**MATERIAL FOR THE TASK:**

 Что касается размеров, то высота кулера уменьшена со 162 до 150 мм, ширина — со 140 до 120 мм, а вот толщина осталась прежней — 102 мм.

* * *

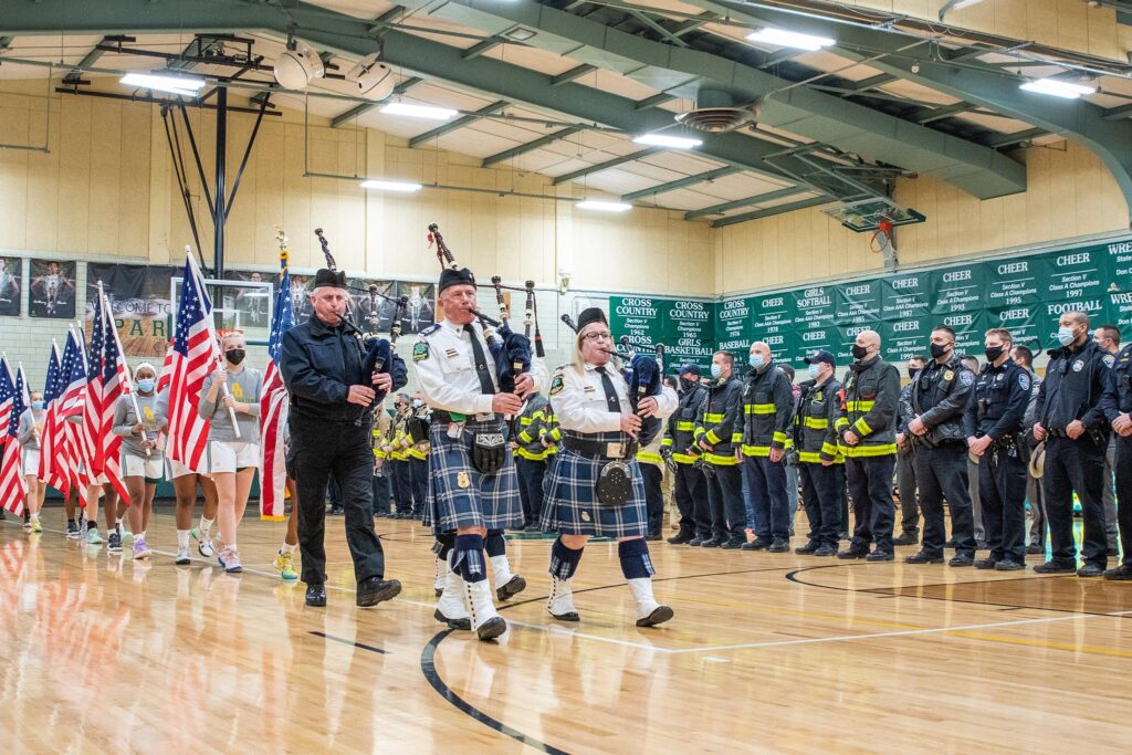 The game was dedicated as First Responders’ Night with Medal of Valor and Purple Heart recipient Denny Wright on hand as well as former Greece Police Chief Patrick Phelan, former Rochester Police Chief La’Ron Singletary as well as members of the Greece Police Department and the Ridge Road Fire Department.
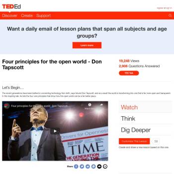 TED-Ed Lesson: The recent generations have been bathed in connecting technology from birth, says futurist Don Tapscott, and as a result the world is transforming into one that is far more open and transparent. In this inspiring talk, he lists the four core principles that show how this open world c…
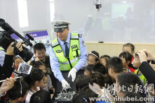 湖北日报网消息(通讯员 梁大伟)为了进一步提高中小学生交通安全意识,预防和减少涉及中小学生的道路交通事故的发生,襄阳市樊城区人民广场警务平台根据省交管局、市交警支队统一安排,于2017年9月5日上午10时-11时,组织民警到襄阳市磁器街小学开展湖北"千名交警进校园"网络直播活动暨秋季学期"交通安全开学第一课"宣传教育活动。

**WORK ORDER:**
Leave the pictures out. Output, exactly, the lines of the material above starting at the line containing "The game was" and ending at the line containing "湖北日报网消息(通讯员 梁大".

**RESPONSE TO THIS TASK:**
 The game was dedicated as First Responders’ Night with Medal of Valor and Purple Heart recipient Denny Wright on hand as well as former Greece Police Chief Patrick Phelan, former Rochester Police Chief La’Ron Singletary as well as members of the Greece Police Department and the Ridge Road Fire Department.
 TED-Ed Lesson: The recent generations have been bathed in connecting technology from birth, says futurist Don Tapscott, and as a result the world is transforming into one that is far more open and transparent. In this inspiring talk, he lists the four core principles that show how this open world c…
 湖北日报网消息(通讯员 梁大伟)为了进一步提高中小学生交通安全意识,预防和减少涉及中小学生的道路交通事故的发生,襄阳市樊城区人民广场警务平台根据省交管局、市交警支队统一安排,于2017年9月5日上午10时-11时,组织民警到襄阳市磁器街小学开展湖北"千名交警进校园"网络直播活动暨秋季学期"交通安全开学第一课"宣传教育活动。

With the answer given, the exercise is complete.